延寿はこれまで藍と茜が異世界カフェを出店する度、様々な形で手伝っていたが、今回は初めてお客の立場でカフェにやって来たのだった。
「あ、延寿ちゃん!」
「いらっしゃいませ!」
藍と茜が出迎える。
「今日はお客さんだから、ゆっくりさせてもらうね」
白くて長い尻尾が揺れる白猫の姿になっても、延寿のキラキラ笑顔は健在だ。
延寿は空いている席に座った。
「延寿ちゃん、お料理はサイドテーブルにあるから、好きなものを自由に取って食べてね」
「うん! ありがとう!」
双子に促されて延寿は、綺麗に盛り付けられた料理を全種類少しずつ取り、改めて店内を見回した。

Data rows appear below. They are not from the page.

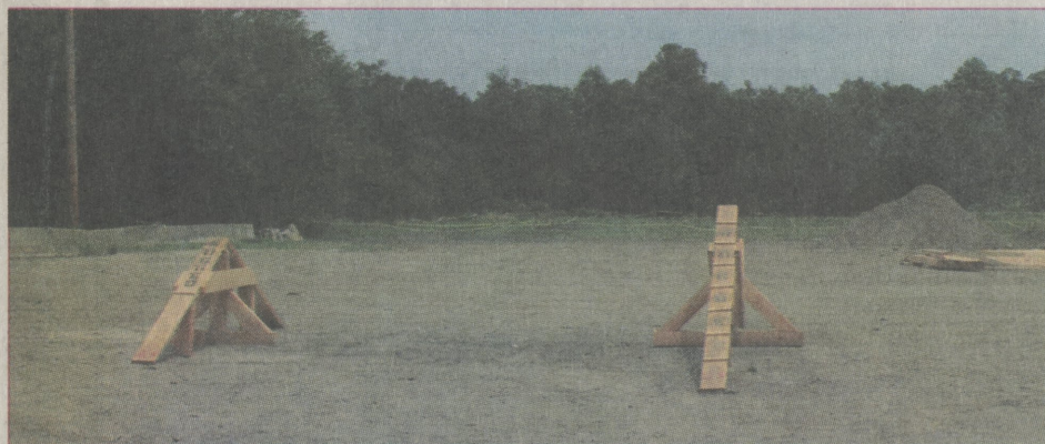
A trio of balance beams called 'Walk the Line' is offered for Rugged, left, Refined, right, and Rogue, center, runners at Saturday's R3Ops Mud Run.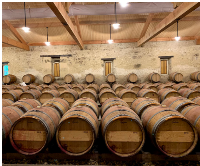
The cellars at Langoa-Barton.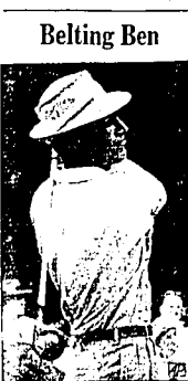
BEN HOGAN, who is one of the favorite to capture the United States open golf tournament title, takes practice swing. The open got away Thursday at the swank River Country club in Los Angeles.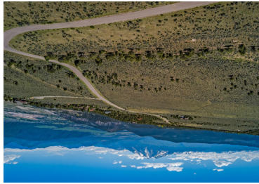
38 ASTER DR (LOT) $250,000 | May | Seller 3.2 acres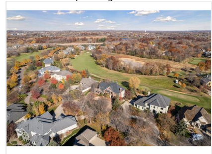
Panoramic views of the 14th hole and so much more beauty...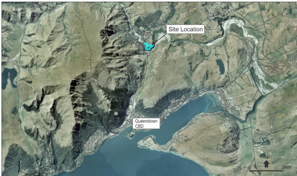
Figure 1. Aerial view of proposed development site location.

The site is located on the northern side of the Shotover River at the southern end of Atley Road, Arthurs Point, Queenstown, see Figure 1 below.

(今までも素敵なお店だったけど、ここも居心地がよさそうだな……)
席に戻った延寿に、藍と茜が冷たいミルクセーキを持って行った。
「延寿ちゃん、今日は来てくれてどうもありがとう!」
「こちらこそ、呼んでくれてありがとう」
「ミルクセーキはね、ほにゅーるいのミルクとはちゅーるいのたまごを合わせた、もふもふカフェのスペシャルメニューなんだよ」
「わあ、それは面白いね」
白猫の延寿と白うさぎの藍、白ふくろうの茜。
三人が一緒にいると白いもふもふユニットのようだ。
「ねえ、延寿ちゃん、このお料理は、アイドルの皆さんに手伝ってもらって作ったんだよ。食べてみて」
茜に勧められて延寿は、ひと口大に切ったキッシュを大事そうに味わい、次につぼ焼きのシチューを慎重に口に運ぶ。
「うん、どっちも美味しい!」
延寿が食べている様子を見守っていた双子は、延寿の一言に安心して笑顔を綻ばせる。
延寿は、藍も茜も初めて「葦原かふぇ」を開いた頃より引き締まった顔つきになったなと感慨深く思う。
「二人とも、もう立派なカフェの経営者だね。これからも頑張ってね!」
延寿は心からのエールを送ったのだった。